E embora Bad Bunny tenha chamado a atenção por dar seu Grammy a uma versão mais jovem de si mesmo, o que ressoou ainda mais para mim foi o momento depois de dançar com Lady Gaga, quando ele se vira e gira uma jovem também. Nossos filhos não são acessórios. Eles são personagens centrais em nossas vidas.
Mesmo os artistas queer – Ricky Martin, Lady Gaga e outros – não foram posicionados como transgressores ou radicais. Eles simplesmente ocuparam o seu lugar dentro do quadro cultural mais amplo. Eles pertenciam. Eles faziam parte da família.
Onde os latinos rompem fundamentalmente com o conservadorismo americano é na alegria.
A alegria não é um subproduto do sucesso na cultura latina. Ao contrário das culturas que tratam o estatuto profissional ou a realização financeira como pré-requisitos para uma vida significativa, a cultura latina há muito que define o sucesso de forma mais relacional do que material. Para nosso prejuízo económico ocasional, a alegria não é adiada até termos a casa ou o carro luxuoso. Não tem nada a ver com saldos bancários. A alegria é integrada na vida diária e compartilhada, quer as circunstâncias cooperem ou não.

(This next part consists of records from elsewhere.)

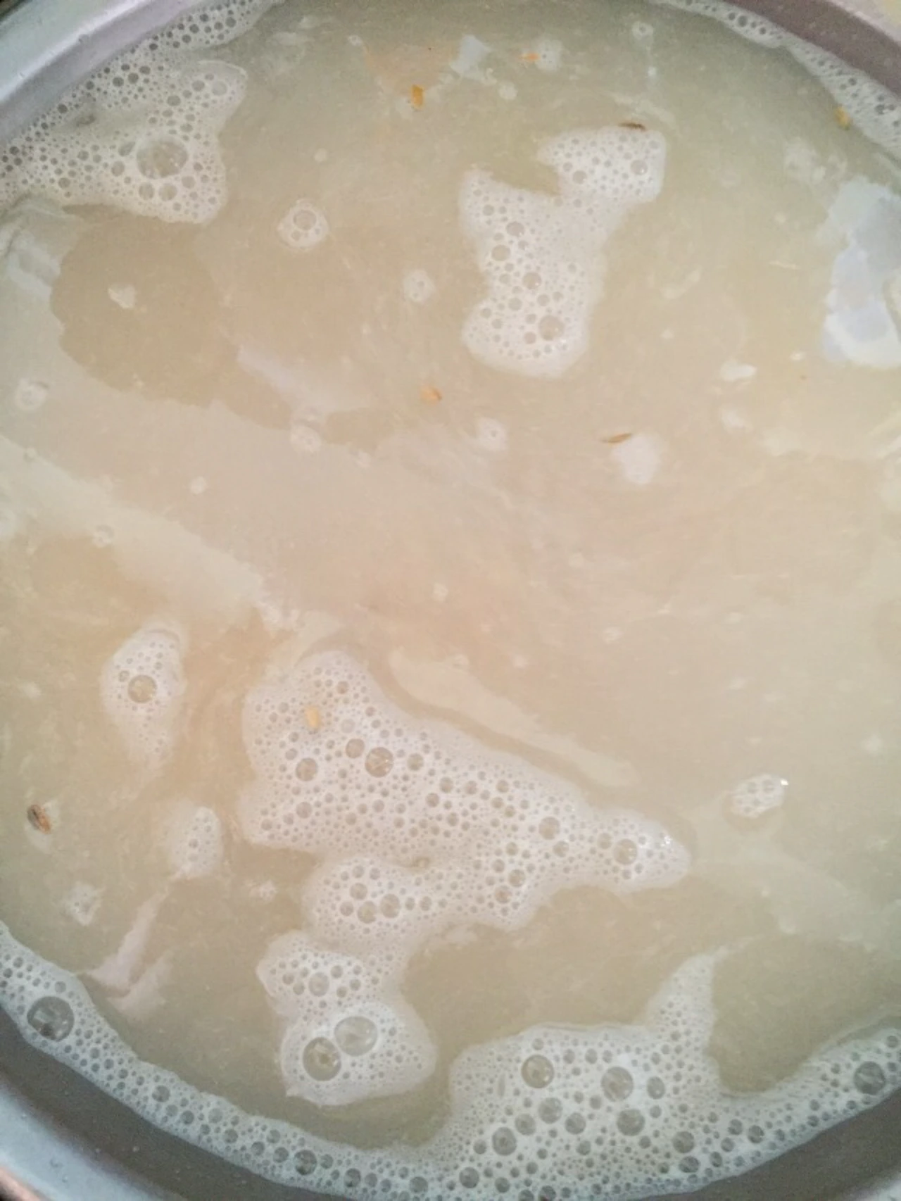 해당 쌀을 씻은 첫번째 뜨물이다. 이물질이 뜨고 냄새가 나고 혼탁한 물이다. 많은 물로 여러차례 씻어도 혼탁한 물이 맑아지지 않는다. 혼탁한 물이 쌀에 흡수 될까봐 체를 이용해서 물에 체를 넣어 흔들어 빼는 방식으로 씻었다. 수 차례를 반복하고서도 아주 맑아지지는 앖았다.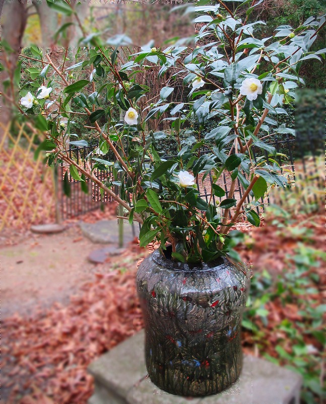 今年は庭の「侘助」がいつもより早くたくさん咲きました。作家Aが会場前の壺にがっつりと活けたのが、期間中ずっと咲き続けて楽しませてくれました。
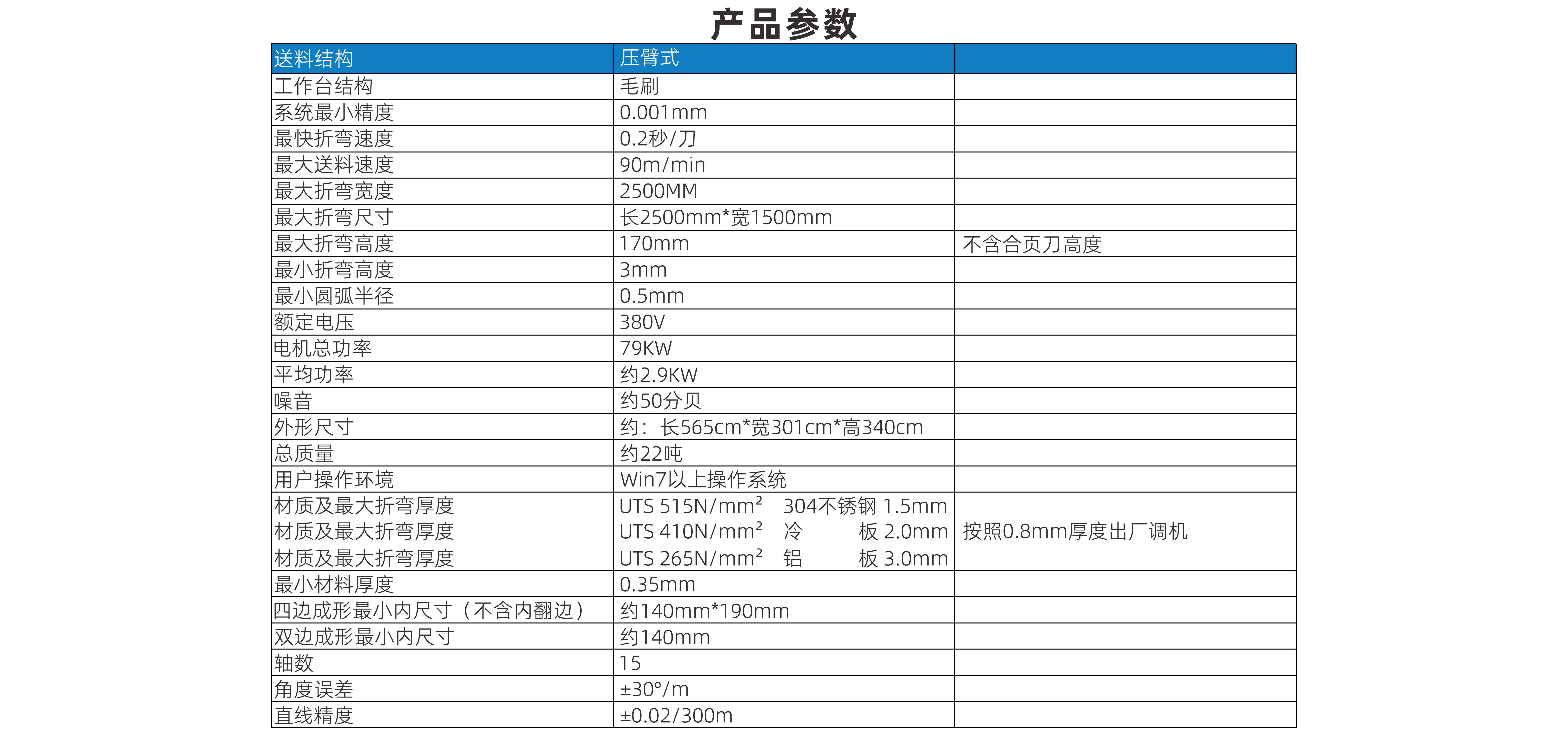 材質(zhì)及最大折彎厚度

Essa alegria não é abstrata ou intelectual. É físico. Ele vive no corpo. Isso aparece na dança que começa cedo e nunca para: crianças aprendendo passos complexos de salsa, sendo giradas pelos avós ao lado delas. Movimento não é performance; é participação. A alegria é aprendida somaticamente, ensinada através do ritmo, da proximidade e da repetição, incorporada antes mesmo de poder ser articulada.
É ainda expresso através do toque. Os abraços são longos e frequentes. Se você quiser sair de uma reunião, é melhor anunciá-lo 30 minutos antes de sair, porque você receberá várias rodadas de abraços e beijos pela sala antes de poder sair. O afeto é público e sem constrangimento. Veja Bad Bunny cumprimentando Martin:
A música é o recipiente que carrega tudo isso. A música latina não é apenas entretenimento – é memória, história, tristeza, celebração e conexão em camadas de som. É assim que a alegria é compartilhada nas famílias e exportada para o mundo. Toda a energia de uma sala pode mudar no segundo em que uma música de Celia Cruz ou “El Africano” de Ruby Pérez entra em rotação, caindo tão forte com os mais velhos quanto com as crianças. É realmente algo para se ver.
As canções tornam-se propriedade comunitária, transmitidas, dançadas, cantadas em conjunto e refeitas – uma e outra vez – em novos estilos para as novas gerações. Eles formam tecido conjuntivo compartilhado ao longo do tempo.
Você não precisava falar espanhol para sentir nada disso irradiando daquele palco. A música, o movimento, a intimidade eram a mensagem. A alegria não era uma recompensa pelo sucesso, mas uma forma de vida, coletiva, corporificada e oferecida gratuitamente a qualquer pessoa disposta a senti-la. Até mesmo muitos conservadores do MAGA, a contragosto admitido falou com eles.
O conservadorismo, por outro lado, é severo, punitivo e obcecado pelo controle. Trata o prazer com suspeita, a felicidade como frívola e a celebração como fraqueza. Trump é venerado por ser um bilionário – apesar de herdar sua riqueza – e depois zomba dos feridos e mortos como “perdedores”, abertamente contando aos seus seguidores“Eu não me importo com você, só quero o seu voto.”
E você já viu Trump rir? É raro vê-lo simplesmente sorrir.
Enquanto a cultura latina diz que a vida é difícil, então dançamos de qualquer maneira, o conservadorismo MAGA moderno insiste que a vida é difícil, então todos os outros deveriam sofrer também. A alegria naquele intervalo não foi acidental. Foi desafiador. E era profundamente incompatível com a visão de mundo encharcada de queixas que agora define a direita americana.